Why should an American observer from a center-left think tank in Washington take such a keen interest in Labour’s ups and downs?

Because, even allowing for deep differences in political structure and culture, there are often striking parallels between the challenges facing Labour and U.S. Democrats, and how they try to overcome them.

We can, and sometimes do, compare notes and learn from each other’s wins and losses. Democrats and Labour, for example, kicked off the center-left dialogues of the late ’90s and aughts. These grew into a rich and mutually supportive cross-fertilization of ideas and political strategies among leaders around the world.

Now we seem to be arriving at another moment of center-left ferment, with progressive parties in power or governing coalitions in the United States, Germany, Australia, Spain, and Portugal, and with Labour showing a healthy lead in the polls over the Tories.

These developments are heartening, because liberal democracies need a reinvigorated center-left to turn back the tide of reactionary nationalism that has swept much of the world over the past decade. To encourage them, PPI has launched a new Project on Center-Left Renewal, headed by former Starmer advisor Claire Ainsley.

To enlarge their social and political base and build bigger majorities, center-left parties must draw up a new blueprint for radically pragmatic reform.

In his speech to the Progressive Britain conference sponsored by the PPI, Sir Keir made clear that Labour is determined to win back working class voters who drifted away over immigration, Brexit and Labour’s leftward lurch.

Intriguingly, Starmer said that major Labour reforms in economic policy and public services should go hand-in-hand with empathy and respect for traditional working-class values:

“We can seize the opportunities of tomorrow and make them work for working people. But this ambition must never become unmoored from working peoples’ need for stability, or order, for security.”

 

Three Lessons from Across the Pond

Speaking at the same conference, I offered three cautions based on the U.S. experience since Biden ousted Donald Trump from the White House in 2020.

First, while policy ambition is essential to inspire voters, it must be focused, disciplined and anchored in broad values rather than sectarian ideologies.
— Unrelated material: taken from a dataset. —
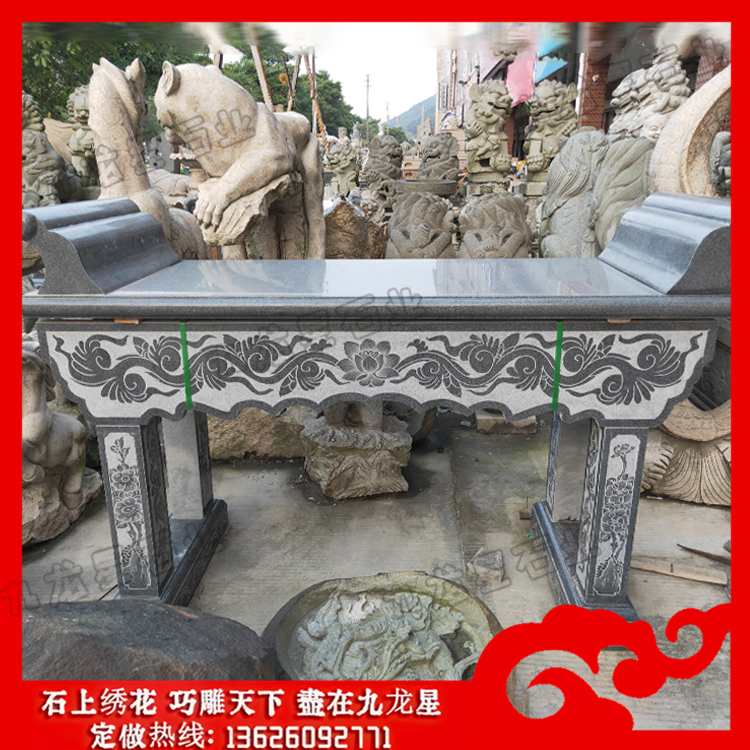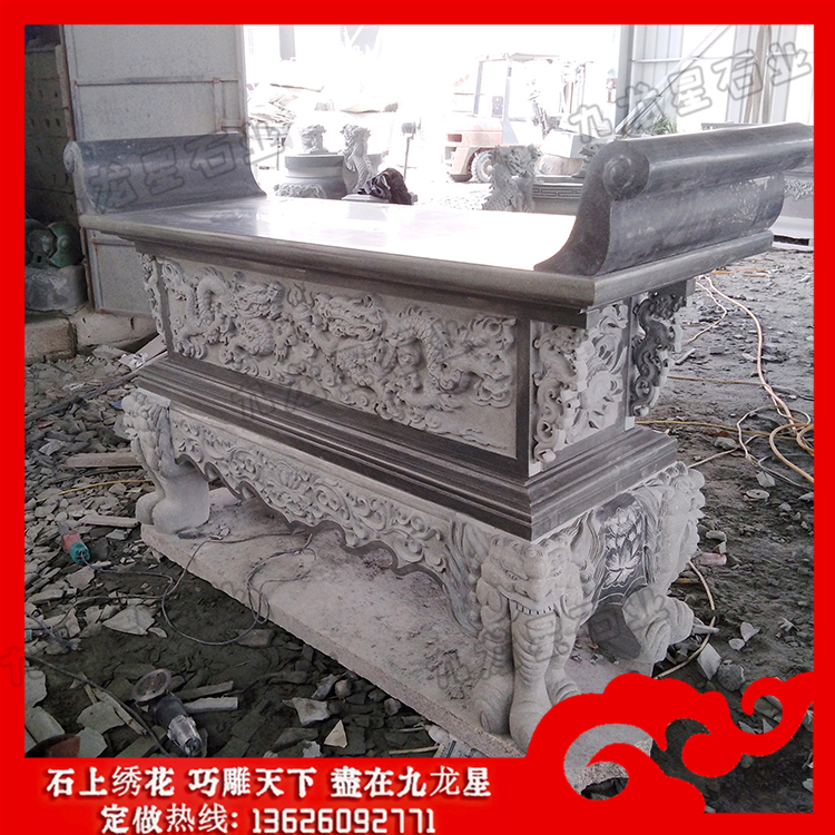 石供桌(寺廟石雕香案供桌 石雕供桌的制作廠家)——九龍星石業(yè)。

Center-left leaders should refrain from overreaching in their campaign promises, and over reading their mandate when they win.

Trying to do everything at once delights core party constituencies who see a chance for action on their pent-up demands. But the spectre of tax hikes and big spending rattles persuadable voters.

In 2021, for example, President Biden pursued a more ambitious spending agenda than he had campaigned on. Despite a narrow political margin, he managed to push through Congress big investments in infrastructure, clean energy and tech innovation.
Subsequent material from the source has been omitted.